Enriquecimiento de fosfopéptidos a base de dióxido de titanio: un método para el aislamiento selectivo de fosfopéptidos de la biblioteca de péptidos

>1. Dióxido de titanio Enriquecimiento de péptidos pY

1. Vuelva a suspender los fosfopéptidos secos en 200 μL de 50% ACN, 0,1% TFA. Vórtice y centrifugarlos a 10.000 x g durante 30 s. Repita esto 1 vez para volver a suspenderlos bien.
2. Preparación de las perlas de TiO₂ contenidas en puntas que tienen una capacidad para muestras de 200 μL.
   1. Golpee suavemente el lado pequeño de la punta para mover el material hacia ese extremo. Enjuague la punta agregando 200 μL de ACN 100%, luego invirtiendo la punta y moviendo el extremo pequeño para mover el líquido hacia la tapa.
   2. Con una cuchilla de afeitar, corta el extremo pequeño de la punta y colócala sobre un tubo de baja unión a proteínas. (Evite usar tubos de poliestireno, ya que el TiO₂ se pegará a los lados del tubo). Retire el tapón e inserte una micropipeta para extraer el ACN restante.
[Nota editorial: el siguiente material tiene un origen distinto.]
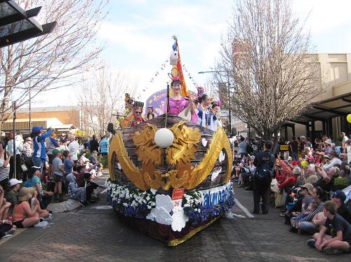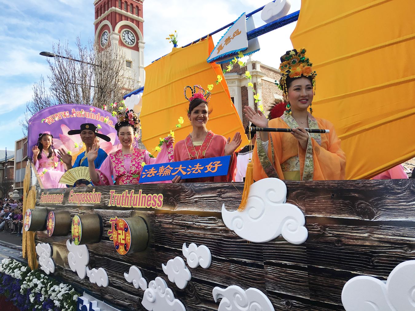 今年参加游行的共有七十多个团体,包括三十四座花车。法轮功学员的花车是一艘硕大的龙舟,船舷两侧各有一条金色的神龙在白云中飞舞,衬托着光彩夺目的法轮和“真善忍”字样,船上有十几名身着古装的仙女和帝王将相。引领花车的是法轮大法旗帜和炼功队。学员们一路与观众热情互动,掌声、喝彩声连成一片。

Repetir el lavado con 200 μL de 100% ACN. Las perlas de TiO₂ ahora se encuentran en el tubo de unión a proteínas bajas para los siguientes pasos.
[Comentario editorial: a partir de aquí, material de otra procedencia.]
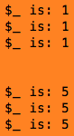 foreach (@fives) { print "\$_ is: $_\n"; }

   3. Preacondicionar TiO₂ con 500 μL de 100% ACN 2x. Pipetear para mezclar las perlas con el disolvente. Centrifugarlos a 100 x g durante 1 min.
   4. Condición TiO₂ con 500 μL de tampón de fosfato de sodio 0,2 M (pH ~7) 2x. Lavar las perlas con 300 μL de tampón de equilibrio 3x. Debido a que TiO₂ es muy denso, las cuentas se asentarán rápidamente.
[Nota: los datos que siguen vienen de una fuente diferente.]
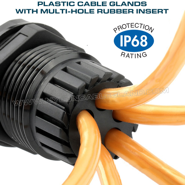 Nylonowe dławiki kablowe z wkładką wielootworową dla wielu kabli przez ten sam otwór i idealne do systemu mocowania, wielootworowe (wielowejściowe) plastikowe dławiki kablowe IP68 z gwintem PG lub metrycznym do obudów elektrycznych zostały zaprojektowane w celu ochrony urządzeń elektrycznych, które umieszczone w obudowach. Wyposażony jest w wielootworową wkładkę odciążającą dla każdego urządzenia, umożliwiającą przeprowadzenie przez kilka przewodów w celu podłączenia do portów różnych urządzeń elektrycznych. Wodoodporny dławik kablowy IP68 w połączeniu z wodoodpornymi wtyczkami zapewnia niezawodną ochronę przed wodą i kurzem, umożliwiając Twojemu urządzeniu elektrycznemu uzyskanie wysoce pełnej ochrony, szczególnie gdy nie ma potrzeby konfigurowania urządzeń przez dłuższy czas po ich zainstalowaniu w obudowach. Jeden łatwy i szybki montaż na porcie pomaga zmniejszyć ryzyko wymiany urządzenia z powodu problemów takich jak przesiąkanie wody.

3. Añadir 400 μL de 50% de ACN, 0,1% de TFA en el tubo de baja unión a proteínas, seguido de la adición de 84 μL de ácido láctico. Transfiera los fosfopéptidos resuspendidos al tubo de unión a proteínas bajas e incube durante 1 h a temperatura ambiente utilizando un rotador de extremo a extremo.
4. Centrifugar las perlas a 100 x g durante 1 min para pelletizarlas. Lávelos con 300 μL de tampón de equilibrio (Tabla 1) 2 veces y gírelos a 100 x g durante 1 min.
5. Enjuague las perlas con 300 μL de tampón de enjuague 2 veces y transfiérelas a un filtro de centrifugado de 0,2 μm. Gíralos a 1.500 x g durante 1 min.
6. Transfiera la unidad de filtro a un tubo limpio de 1,5 mL de baja unión a proteínas. Eluir el contenido 2x con 200 μL de 0,9% NH₃ en H₂O. Mida el pH con tiras de pH, que deben estar entre 10 y 11. Concentrar al vacío el eluido para que se seque durante la noche para evaporar el amoníaco.

Tabla 1: Tampones y soluciones.Esta tabla muestra las composiciones de los búferes y las soluciones utilizadas en este protocolo.